Abstract

The impact of heterogeneous surface oxide formation on the electrochemical performance of single silver nanoparticles is explored using in situ superlocalization optical microscopy. Silver nanoparticles are well-known to form a natural oxide layer on their surface, but the effect of this oxide layer on electrochemical reactions is not well understood. Here we track the temporal and spatial dependence of electrodissolution of single silver nanoparticles in order to study the role of surface oxide layers on electrochemical reactions. Heterogeneity in electrodissolution kinetics is observed by following the time-dependent loss in scattering intensity from individual silver nanoparticles using dark-field scattering. Both fast and slow dissolution kinetics are observed, with the dominant pathway changing as a function of applied potential. To understand this, superlocalization imaging is employed to follow the spatial variance of the electrodissolution process and reveals that the silver nanoparticles undergo electrodissolution in either a spatially symmetric or asymmetric manner.
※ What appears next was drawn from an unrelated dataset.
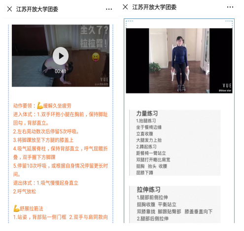 在疫情防控期间,宅在家如何通过运动增强体质、愉悦身心呢?教育学院许悦、白新蕾、张成、赵建华、何康几位老师分别制作了居家健身教学视频,给全校师生员工们居家锻炼提供了参考;视频资料通过学院QQ群、学校团委公众号、江苏省体育局公众号进行发布,取得了良好的效应。

We hypothesize that asymmetric dissolution events are due to heterogeneity in the exposed silver sites on the nanoparticle surface because of incomplete surface oxide formation. Polarization-resolved measurements support this hypothesis by revealing anisotropic dissolution of the nanoparticles over time. By tracking the electrodissolution behavior of silver nanoparticles in both the temporal and spatial domains, we provide an improved understanding of how heterogeneity in electrochemical reactions is impacted by nanoparticle surface properties.